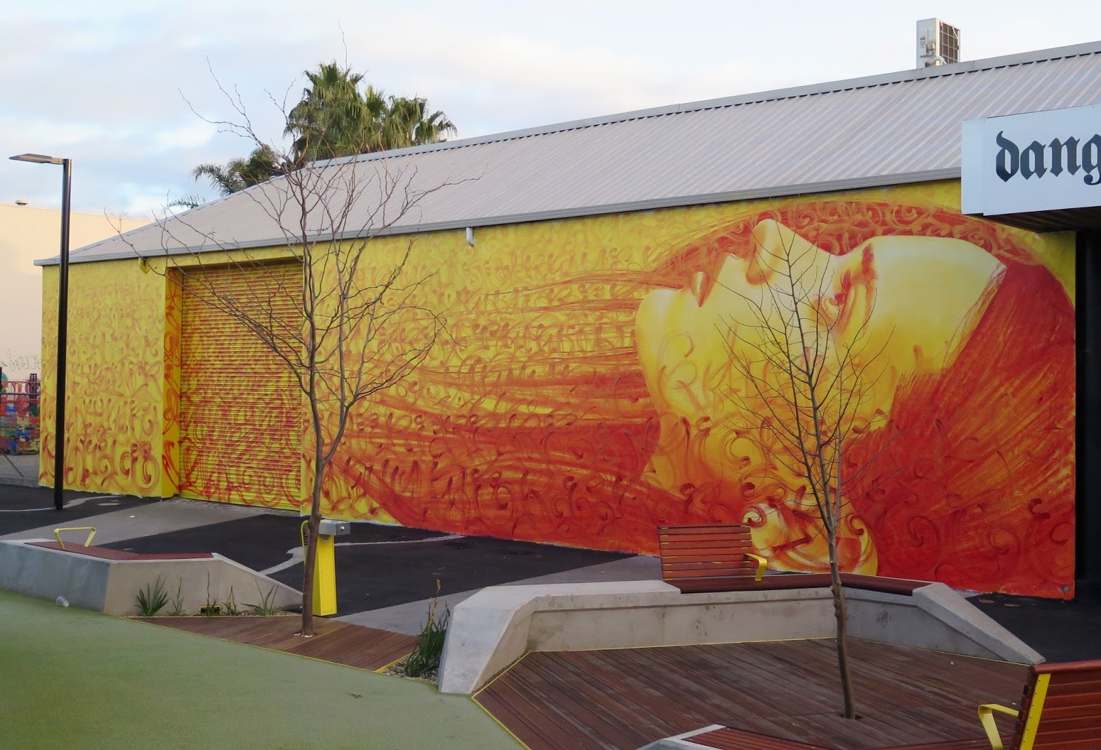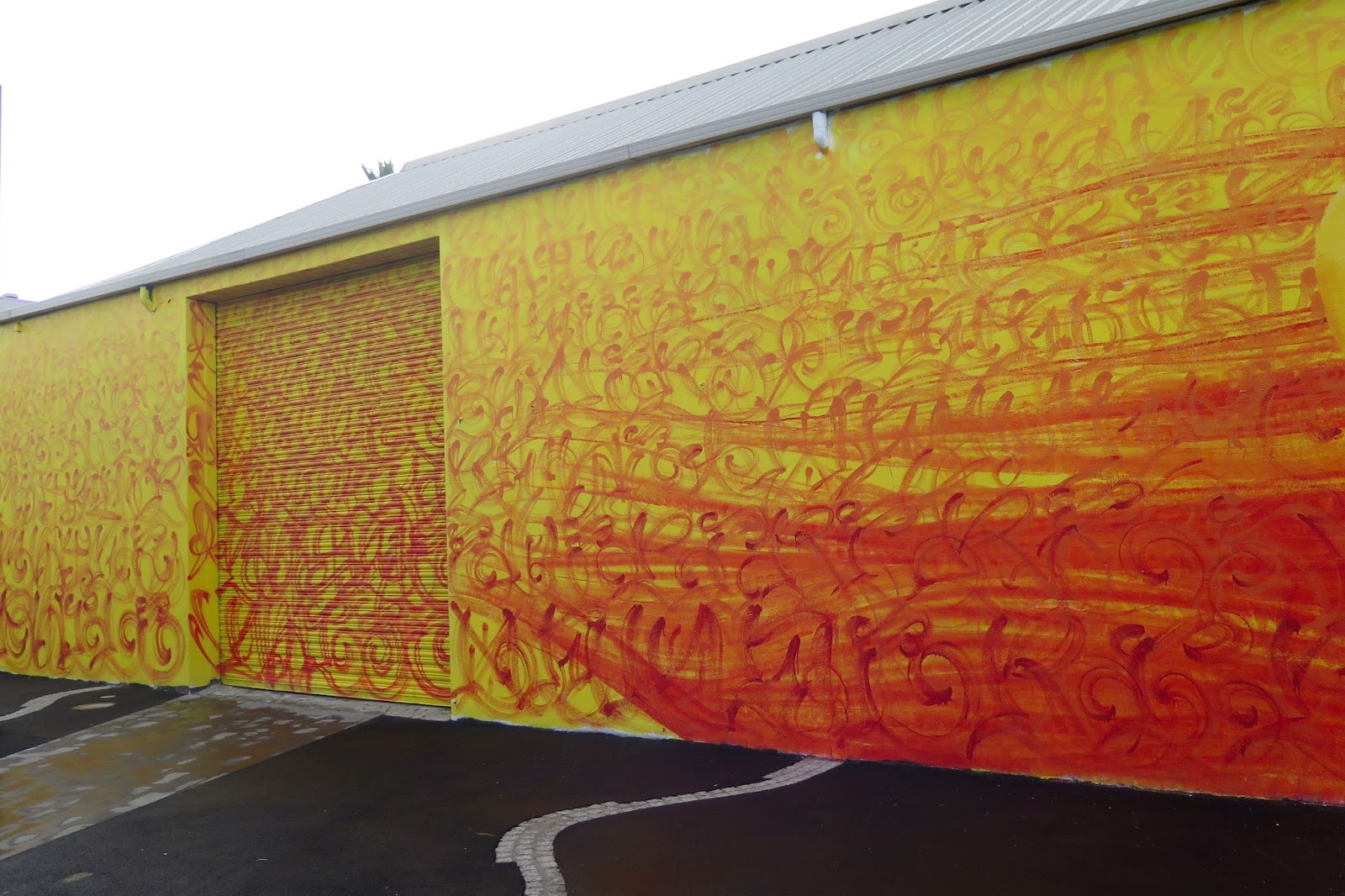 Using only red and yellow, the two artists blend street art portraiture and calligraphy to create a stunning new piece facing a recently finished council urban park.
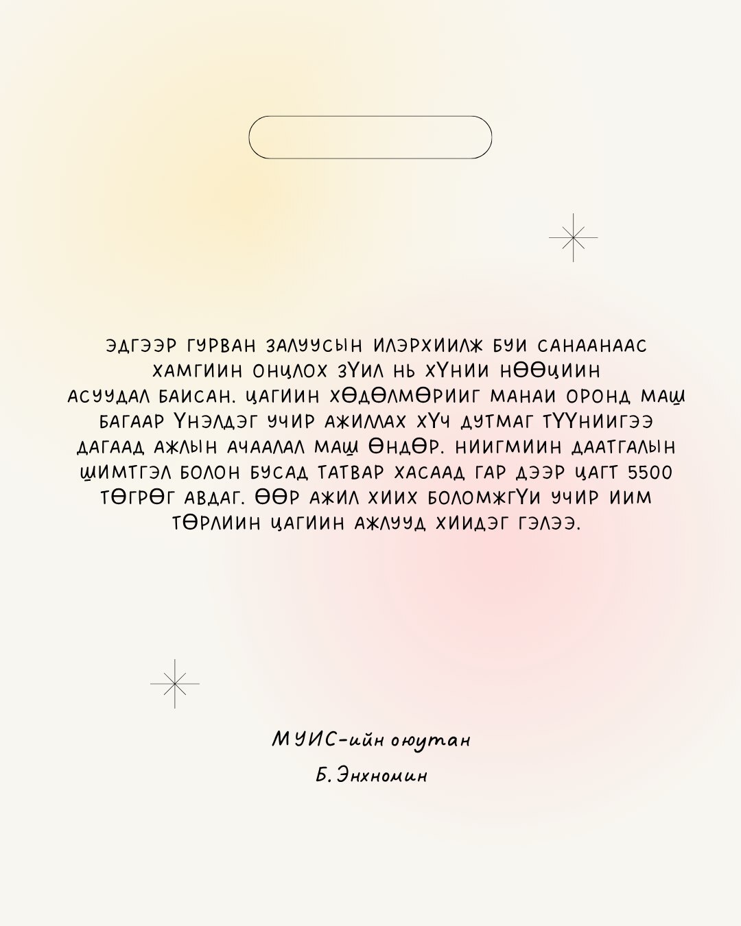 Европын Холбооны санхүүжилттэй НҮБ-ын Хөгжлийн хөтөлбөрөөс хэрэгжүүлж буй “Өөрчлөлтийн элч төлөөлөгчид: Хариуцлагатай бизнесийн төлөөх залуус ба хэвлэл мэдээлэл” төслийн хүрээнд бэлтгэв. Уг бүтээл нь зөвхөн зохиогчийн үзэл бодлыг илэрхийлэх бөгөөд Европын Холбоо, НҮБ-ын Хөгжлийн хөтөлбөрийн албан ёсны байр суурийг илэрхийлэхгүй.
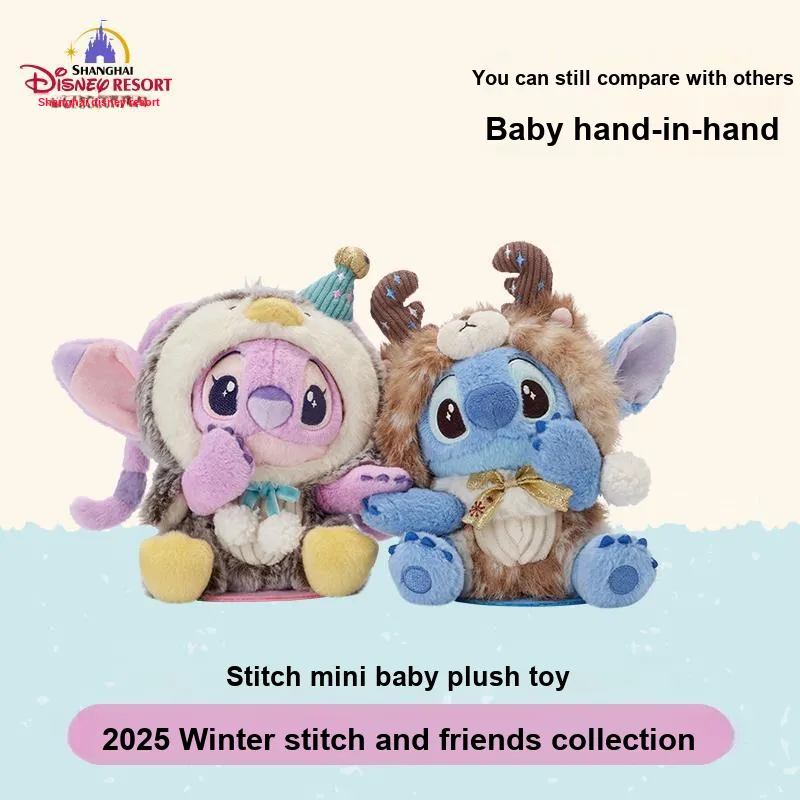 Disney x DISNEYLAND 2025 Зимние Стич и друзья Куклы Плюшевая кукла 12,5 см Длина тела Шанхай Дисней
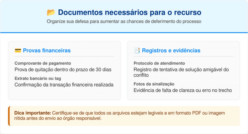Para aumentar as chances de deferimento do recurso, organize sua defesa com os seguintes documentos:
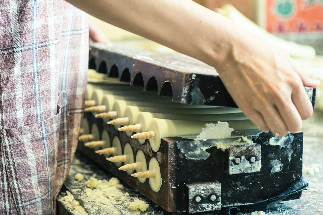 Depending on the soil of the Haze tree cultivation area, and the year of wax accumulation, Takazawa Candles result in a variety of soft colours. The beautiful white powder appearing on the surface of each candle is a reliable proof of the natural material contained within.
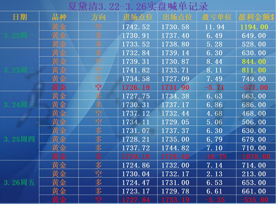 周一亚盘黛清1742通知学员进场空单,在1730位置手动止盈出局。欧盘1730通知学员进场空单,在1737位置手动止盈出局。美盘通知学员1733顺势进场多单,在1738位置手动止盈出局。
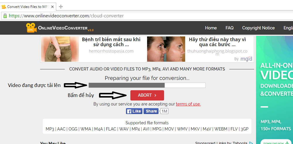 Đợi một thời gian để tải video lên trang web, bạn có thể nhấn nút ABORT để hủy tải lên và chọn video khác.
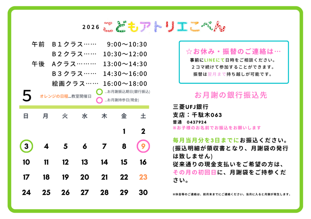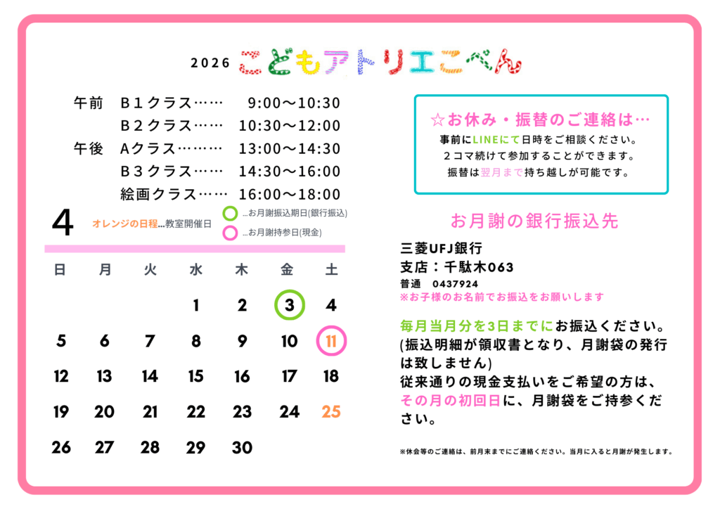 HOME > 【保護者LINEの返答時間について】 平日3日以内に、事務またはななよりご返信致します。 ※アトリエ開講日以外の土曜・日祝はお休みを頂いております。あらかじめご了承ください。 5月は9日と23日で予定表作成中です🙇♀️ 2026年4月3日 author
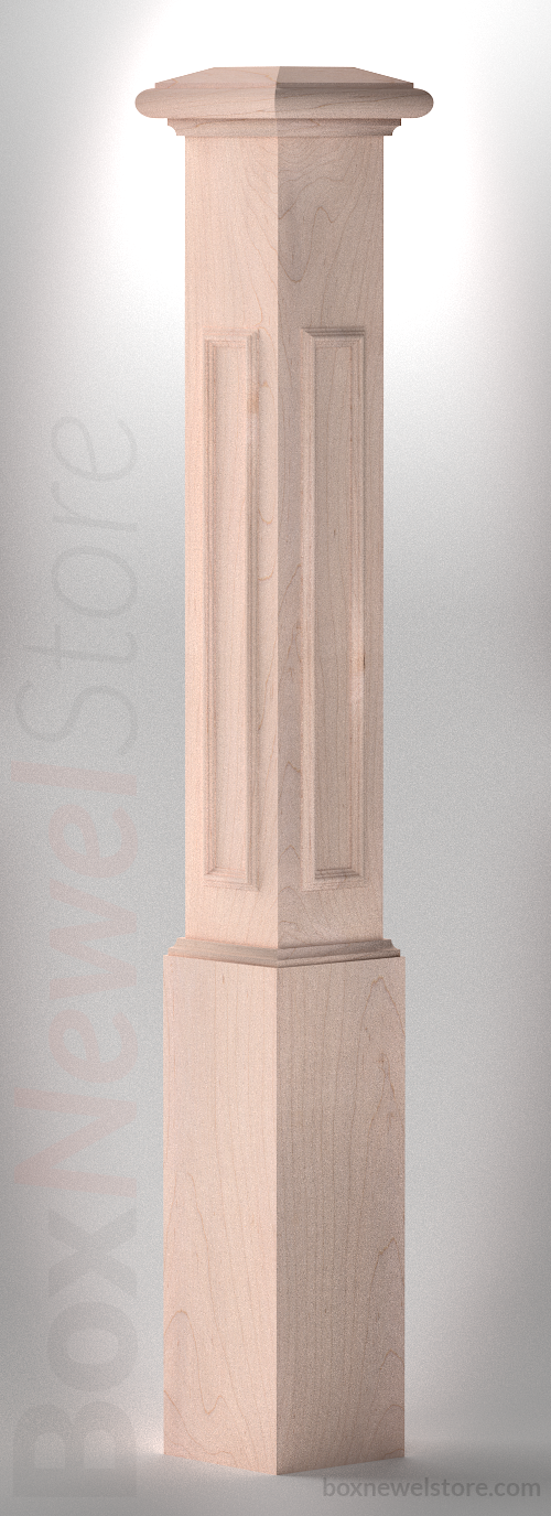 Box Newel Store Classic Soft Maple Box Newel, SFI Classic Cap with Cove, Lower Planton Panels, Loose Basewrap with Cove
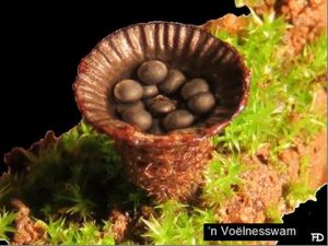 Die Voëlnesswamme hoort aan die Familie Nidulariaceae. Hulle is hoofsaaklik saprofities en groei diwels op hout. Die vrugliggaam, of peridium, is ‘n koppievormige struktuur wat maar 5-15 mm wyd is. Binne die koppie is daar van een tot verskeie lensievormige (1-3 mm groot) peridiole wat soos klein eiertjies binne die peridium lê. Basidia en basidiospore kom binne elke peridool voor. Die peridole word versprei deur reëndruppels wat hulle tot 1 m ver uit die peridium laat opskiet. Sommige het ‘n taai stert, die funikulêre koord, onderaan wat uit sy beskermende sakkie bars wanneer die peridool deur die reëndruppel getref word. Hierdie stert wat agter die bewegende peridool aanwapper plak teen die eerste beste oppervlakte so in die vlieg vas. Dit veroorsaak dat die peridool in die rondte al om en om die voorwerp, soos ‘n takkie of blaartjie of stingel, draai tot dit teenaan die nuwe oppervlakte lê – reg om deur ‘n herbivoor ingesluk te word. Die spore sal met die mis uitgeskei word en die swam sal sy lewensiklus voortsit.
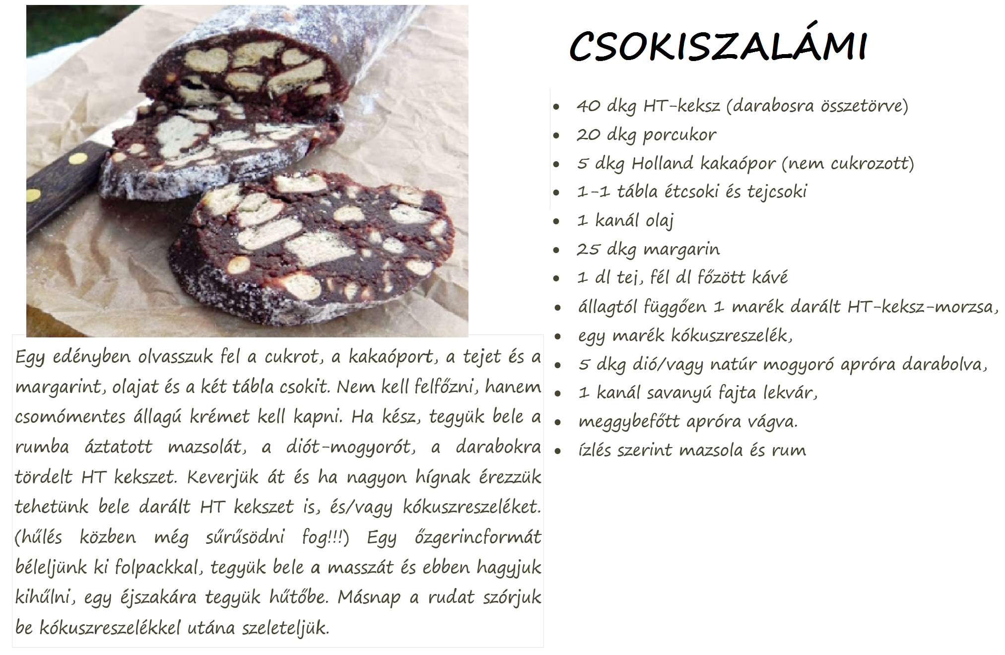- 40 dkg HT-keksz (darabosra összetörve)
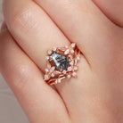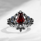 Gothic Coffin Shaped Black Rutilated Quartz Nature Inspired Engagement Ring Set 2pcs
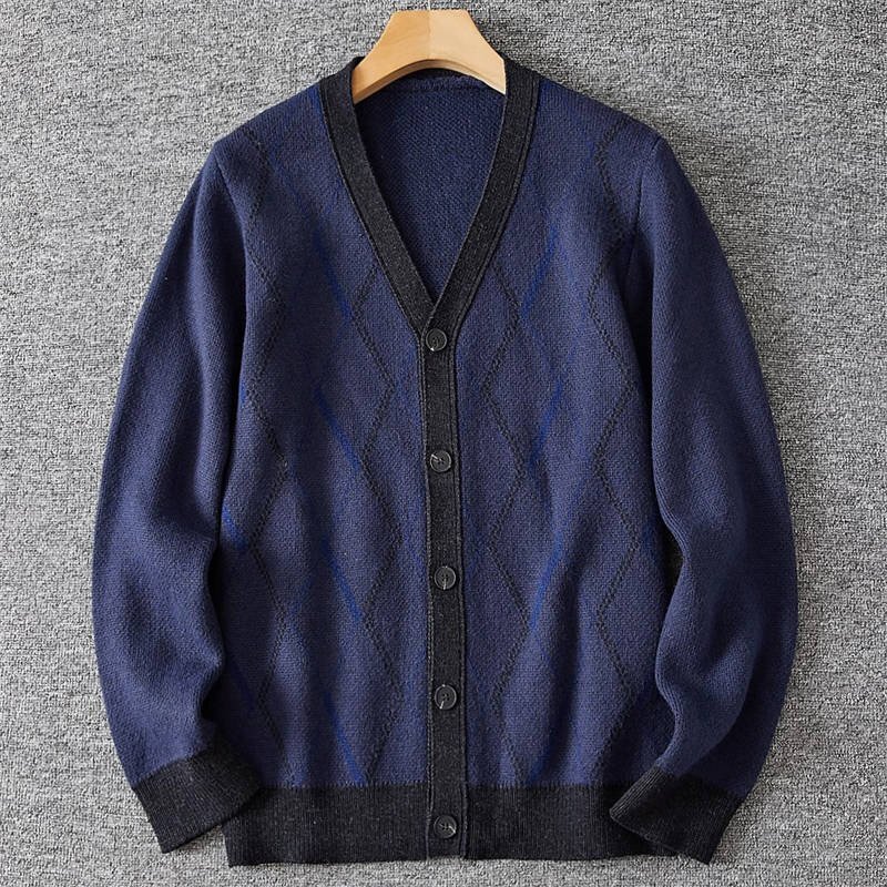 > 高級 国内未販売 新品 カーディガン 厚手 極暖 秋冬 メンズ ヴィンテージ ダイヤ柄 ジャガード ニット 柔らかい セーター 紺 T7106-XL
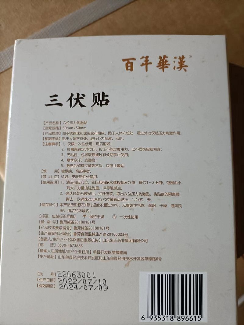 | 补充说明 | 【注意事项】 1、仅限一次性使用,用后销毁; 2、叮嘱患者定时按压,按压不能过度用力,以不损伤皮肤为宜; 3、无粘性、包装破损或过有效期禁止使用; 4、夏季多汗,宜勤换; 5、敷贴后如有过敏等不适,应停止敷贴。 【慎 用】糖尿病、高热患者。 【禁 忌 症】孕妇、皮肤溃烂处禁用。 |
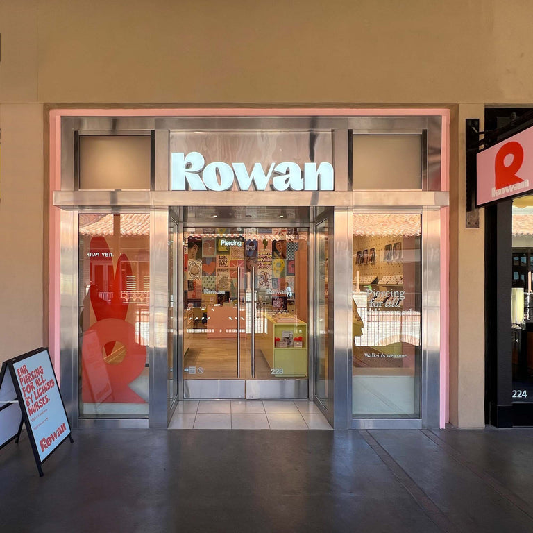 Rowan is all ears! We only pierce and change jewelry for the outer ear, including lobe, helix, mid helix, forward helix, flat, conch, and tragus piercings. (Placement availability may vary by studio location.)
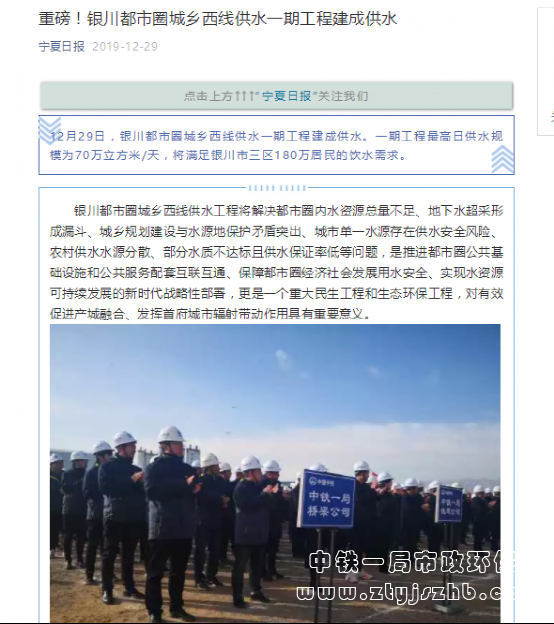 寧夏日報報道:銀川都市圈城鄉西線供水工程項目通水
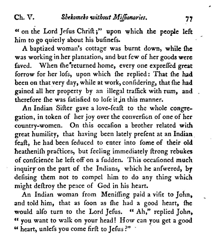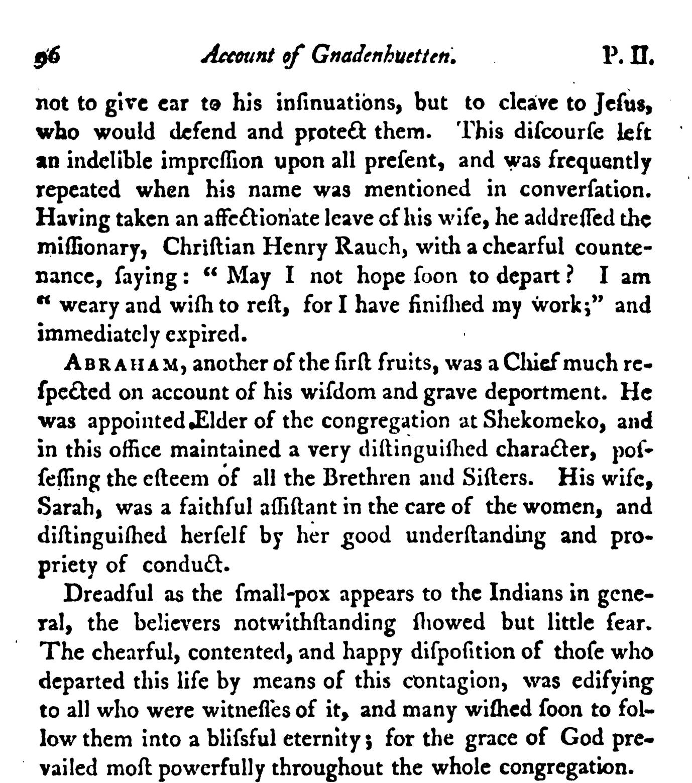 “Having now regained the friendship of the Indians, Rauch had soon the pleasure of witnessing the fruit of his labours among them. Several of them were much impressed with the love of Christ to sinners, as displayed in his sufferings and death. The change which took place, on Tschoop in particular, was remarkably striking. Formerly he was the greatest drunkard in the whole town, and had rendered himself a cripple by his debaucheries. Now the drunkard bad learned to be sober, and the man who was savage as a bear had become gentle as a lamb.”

○ ○ ○ ○ ○

◆ WHAT YOU SHOULD DO ◆
Can you restate all the records above word for word while dropping the pictures?

◆ RESULT OF THIS EXERCISE ◆
 Using only red and yellow, the two artists blend street art portraiture and calligraphy to create a stunning new piece facing a recently finished council urban park.
 Европын Холбооны санхүүжилттэй НҮБ-ын Хөгжлийн хөтөлбөрөөс хэрэгжүүлж буй “Өөрчлөлтийн элч төлөөлөгчид: Хариуцлагатай бизнесийн төлөөх залуус ба хэвлэл мэдээлэл” төслийн хүрээнд бэлтгэв. Уг бүтээл нь зөвхөн зохиогчийн үзэл бодлыг илэрхийлэх бөгөөд Европын Холбоо, НҮБ-ын Хөгжлийн хөтөлбөрийн албан ёсны байр суурийг илэрхийлэхгүй.
 Disney x DISNEYLAND 2025 Зимние Стич и друзья Куклы Плюшевая кукла 12,5 см Длина тела Шанхай Дисней
Para aumentar as chances de deferimento do recurso, organize sua defesa com os seguintes documentos:
 Depending on the soil of the Haze tree cultivation area, and the year of wax accumulation, Takazawa Candles result in a variety of soft colours. The beautiful white powder appearing on the surface of each candle is a reliable proof of the natural material contained within.
 周一亚盘黛清1742通知学员进场空单,在1730位置手动止盈出局。欧盘1730通知学员进场空单,在1737位置手动止盈出局。美盘通知学员1733顺势进场多单,在1738位置手动止盈出局。
 Đợi một thời gian để tải video lên trang web, bạn có thể nhấn nút ABORT để hủy tải lên và chọn video khác.
 HOME > 【保護者LINEの返答時間について】 平日3日以内に、事務またはななよりご返信致します。 ※アトリエ開講日以外の土曜・日祝はお休みを頂いております。あらかじめご了承ください。 5月は9日と23日で予定表作成中です🙇♀️ 2026年4月3日 author
 Box Newel Store Classic Soft Maple Box Newel, SFI Classic Cap with Cove, Lower Planton Panels, Loose Basewrap with Cove
 Die Voëlnesswamme hoort aan die Familie Nidulariaceae. Hulle is hoofsaaklik saprofities en groei diwels op hout. Die vrugliggaam, of peridium, is ‘n koppievormige struktuur wat maar 5-15 mm wyd is. Binne die koppie is daar van een tot verskeie lensievormige (1-3 mm groot) peridiole wat soos klein eiertjies binne die peridium lê. Basidia en basidiospore kom binne elke peridool voor. Die peridole word versprei deur reëndruppels wat hulle tot 1 m ver uit die peridium laat opskiet. Sommige het ‘n taai stert, die funikulêre koord, onderaan wat uit sy beskermende sakkie bars wanneer die peridool deur die reëndruppel getref word. Hierdie stert wat agter die bewegende peridool aanwapper plak teen die eerste beste oppervlakte so in die vlieg vas. Dit veroorsaak dat die peridool in die rondte al om en om die voorwerp, soos ‘n takkie of blaartjie of stingel, draai tot dit teenaan die nuwe oppervlakte lê – reg om deur ‘n herbivoor ingesluk te word. Die spore sal met die mis uitgeskei word en die swam sal sy lewensiklus voortsit.
- 40 dkg HT-keksz (darabosra összetörve)
 Gothic Coffin Shaped Black Rutilated Quartz Nature Inspired Engagement Ring Set 2pcs
 > 高級 国内未販売 新品 カーディガン 厚手 極暖 秋冬 メンズ ヴィンテージ ダイヤ柄 ジャガード ニット 柔らかい セーター 紺 T7106-XL
 | 补充说明 | 【注意事项】 1、仅限一次性使用,用后销毁; 2、叮嘱患者定时按压,按压不能过度用力,以不损伤皮肤为宜; 3、无粘性、包装破损或过有效期禁止使用; 4、夏季多汗,宜勤换; 5、敷贴后如有过敏等不适,应停止敷贴。 【慎 用】糖尿病、高热患者。 【禁 忌 症】孕妇、皮肤溃烂处禁用。 |
 Rowan is all ears! We only pierce and change jewelry for the outer ear, including lobe, helix, mid helix, forward helix, flat, conch, and tragus piercings. (Placement availability may vary by studio location.)
 寧夏日報報道:銀川都市圈城鄉西線供水工程項目通水
 “Having now regained the friendship of the Indians, Rauch had soon the pleasure of witnessing the fruit of his labours among them. Several of them were much impressed with the love of Christ to sinners, as displayed in his sufferings and death. The change which took place, on Tschoop in particular, was remarkably striking. Formerly he was the greatest drunkard in the whole town, and had rendered himself a cripple by his debaucheries. Now the drunkard bad learned to be sober, and the man who was savage as a bear had become gentle as a lamb.”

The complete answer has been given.